Shatter Glass — Face Your Truth
Built for the #GeminiLiveAgentChallenge by Daivik Karbhari (Developer) & Pratima Karbhari (Product & Marketing)
Inspiration
Pitching is one of the highest-stakes moments in anyone's life — and we face versions of it every single day. Whether it's a VC meeting, a job interview, or a board presentation, how you communicate can make or break the outcome.
Yet the traditional approach to preparation hasn't changed: practice in front of a mirror, run it by a friend, or memorize a script you'll forget the moment nerves kick in. None of that prepares you for what a real investor, hiring manager, or executive will actually do — interrupt you, challenge your numbers, and decide in the first thirty seconds whether you're worth their time.
There was a clear gap: nobody had built a coach that could simulate the worst-case scenario. Not a polite feedback tool. A brutally honest one that stops you mid-sentence and makes you fix it in the moment. That's why we built Shatter Glass.
What It Does
Shatter Glass is a real-time AI communication coach with three modes — Startup Pitch, Job Interview, and Presentation. The moment a session begins, the coach is live: watching you through the camera, listening through the mic, and ready to interrupt the second something goes wrong.
It doesn't wait for you to finish. If you use filler words, make a vague claim, or break eye contact, the AI barges in mid-sentence — just like a real high-stakes audience would expose you. It tells you exactly what went wrong and forces you to retry on the spot.
At the end of every session, you get a full performance report with an overall score, category breakdowns, and three specific action items drawn from what actually happened in your session.
Features
1. Real-time barge-in coaching
- Interrupts mid-sentence when it detects filler words ("um," "basically," "you know"), vague value props, or rambling
- Varied interruption style — "Hold on—", "Wait, wait, wait—", "No, no, no—" — never monotonous
- Forces an immediate retry: "Take a breath and give me that in one sentence. Go."
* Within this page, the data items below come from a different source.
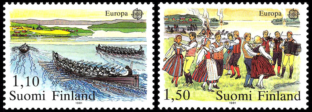 Postage stamps of Finland, 1981. Issue under the EUROPA CEPT program.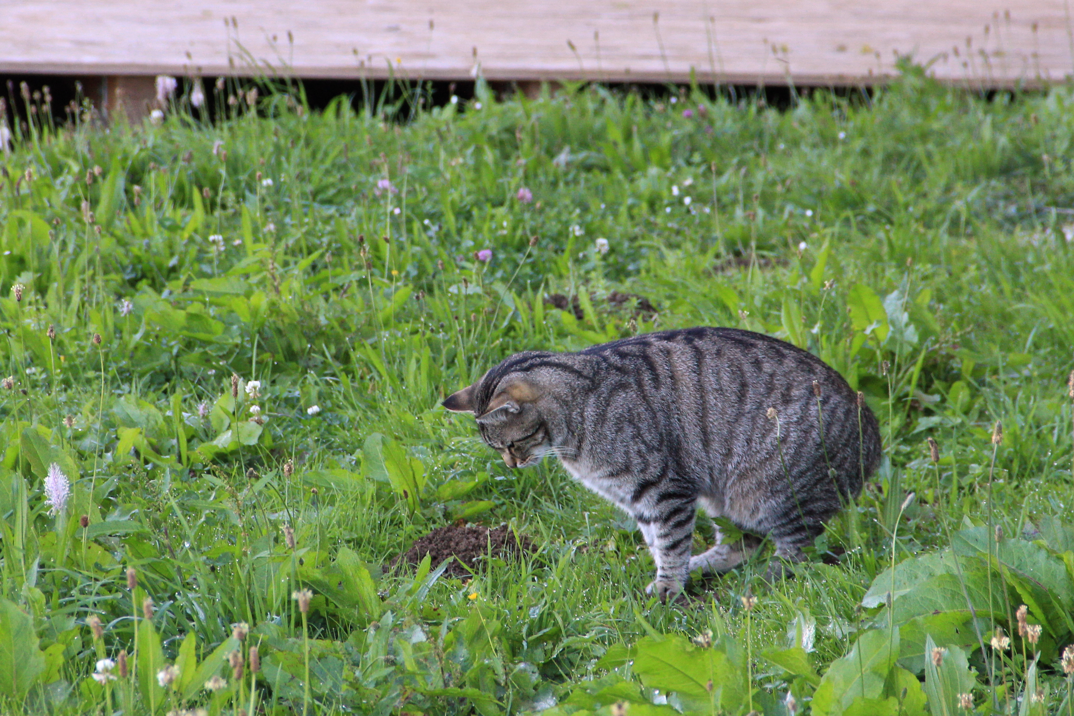 A cat is waiting for a mouse.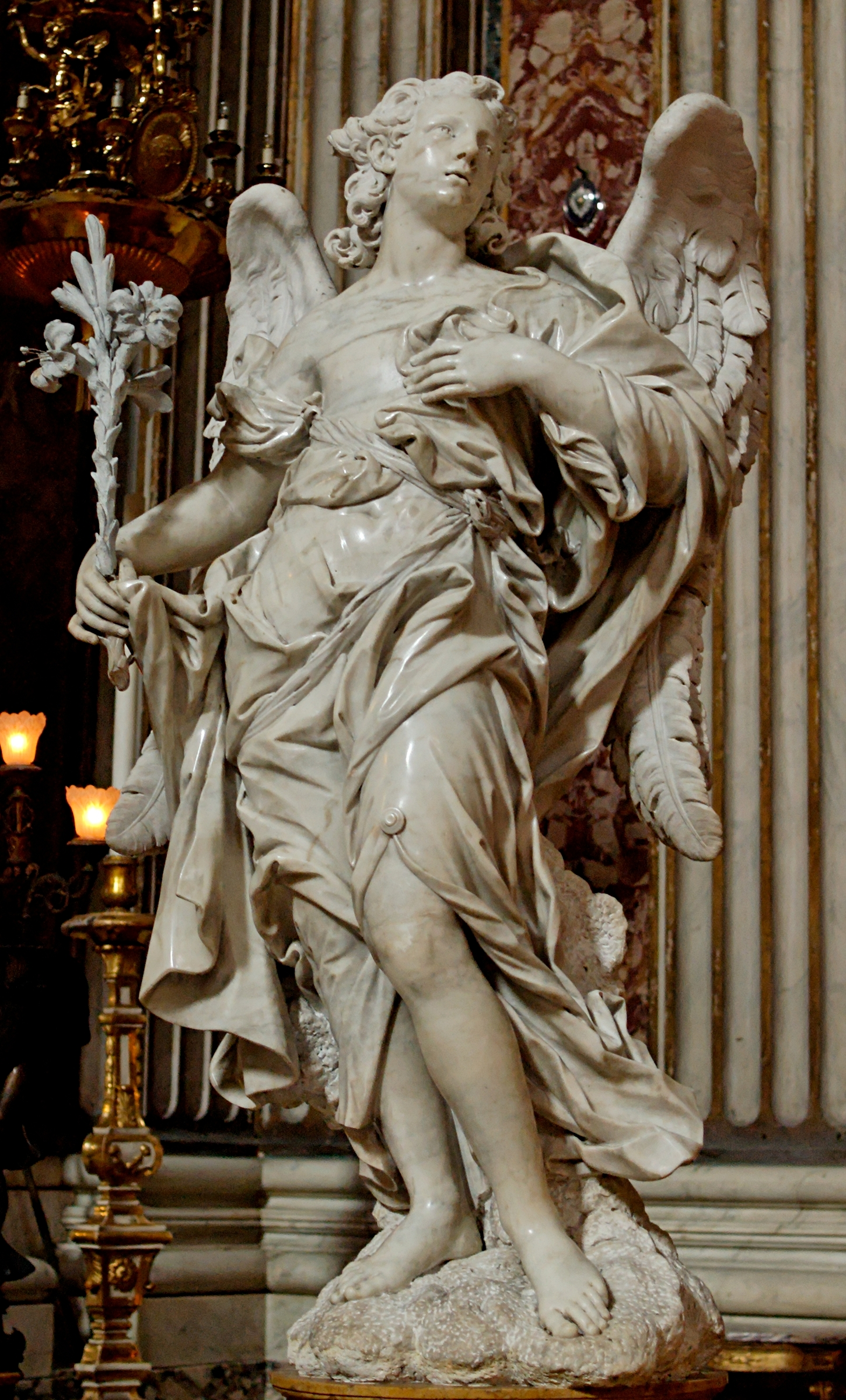 Statue of an angel from the altar of St Aloysius Gonzaga, Sant'Ignazio, Rome, Italy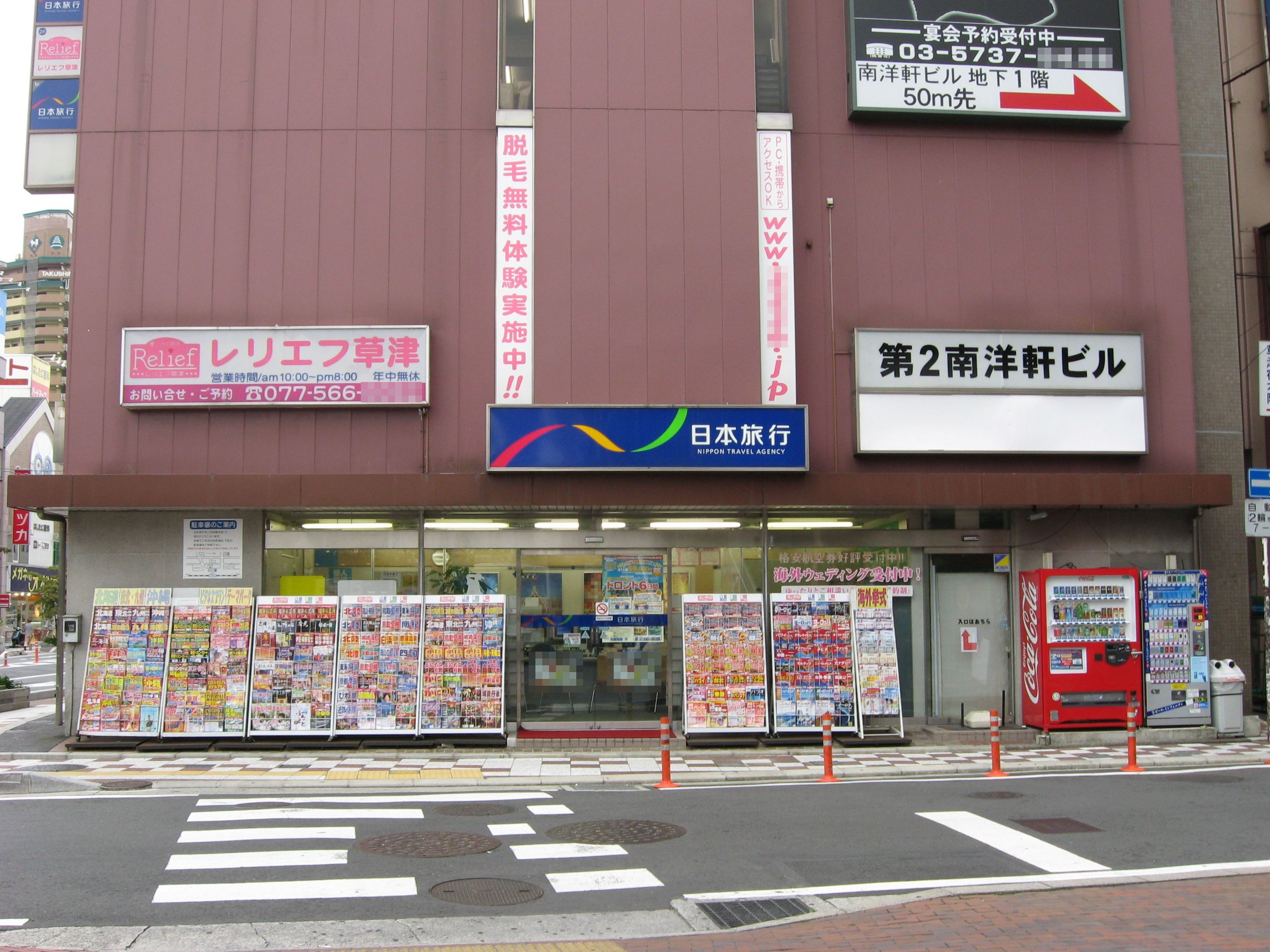 Nippon Travel Agency Kusatsu Branch. It is the birthplace of Japanese travel agency here.

- Barge-in counter tracks exactly how many times the coach had to step in
2. Live video analysis
- Reads the camera feed at 0.5 FPS — enough to catch sustained patterns like slouching or avoiding eye contact
- Only interrupts for repeated negative body language, not a single glance away
3. Hybrid fact-checking
- Fast internal checks for obvious gaps (claiming no competitors in a well-known space)
- Live Google Search grounding for specific metrics — if your TAM is wrong, it catches it in real time with a citation
4. Screen share mode (Presentation)
- Alternates between camera and screen to evaluate both your delivery and your slides
- Calls out dense slides, reading verbatim, and weak closes
5. Session report card
- Overall score (1–10) with a one-sentence verdict
- Category scores: Content, Delivery, Body Language, Structure, Confidence
- Three actionable next steps tied to what happened in your session
How We Built It
The core of Shatter Glass is a bidirectional WebSocket pipeline built on the Gemini Live API. Audio is captured from the browser as raw 16kHz PCM Float32 via the Web Audio API and streamed continuously — no REST calls, no round-trip latency. This is what makes real-time barge-in possible.
Video is captured from the user's camera using the HTML Canvas API, throttled to 0.5 FPS (one frame every 2 seconds). That's enough spatial context for posture and eye contact analysis without flooding the connection.
For fact-checking, we built a hybrid approach: the model uses its internal knowledge for fast, obvious checks, and silently triggers Google Search Grounding for specific numerical claims. If a number doesn't hold up, the coach interrupts with the real data and its source.
The frontend is built with Vite and Vanilla JS, featuring a glass morphism UI and an audio-reactive fluid visualizer that changes color based on who controls the floor — teal when the user speaks, deep blue when the AI speaks, and red when a barge-in occurs.
The stack is containerized in a multi-stage Docker build and deployed on Google Cloud Run with session affinity, keeping each WebSocket pinned to the same node for the full session. CI/CD runs through GitLab with OIDC Workload Identity Federation — no long-lived service account keys anywhere in the pipeline.
| Layer | Technology |
|---|---|
| Frontend | Vite + Vanilla JS + CSS |
| Backend | Node.js 20 + Express 4 + WebSockets |
| AI (Live) | Gemini Live API — bidirectional streaming, Orus voice |
| Grounding | Google Search (real-time fact verification) |
| Audio | Web Audio API — 16kHz PCM Float32 |
| Video | HTML Canvas API — Base64 JPEG @ 0.5 FPS |
| Deployment | Multi-stage Docker + Google Cloud Run (session affinity) |
| CI/CD | GitLab + Workload Identity Federation |
Challenges We Ran Into
The Gemini Live API documentation is genuinely excellent, which made the core implementation smoother than expected. A few things still required careful tuning:
- Getting barge-in to feel natural — not just cutting audio, but making the interruption flow conversationally — required tuning the
serverContentinterruption flag and the voice persona prompts together. - Vision rate-limiting took iteration. The first version flagged every micro-expression, making the coach feel paranoid. We added a sustained-pattern filter so it only intervenes after a repeated negative signal.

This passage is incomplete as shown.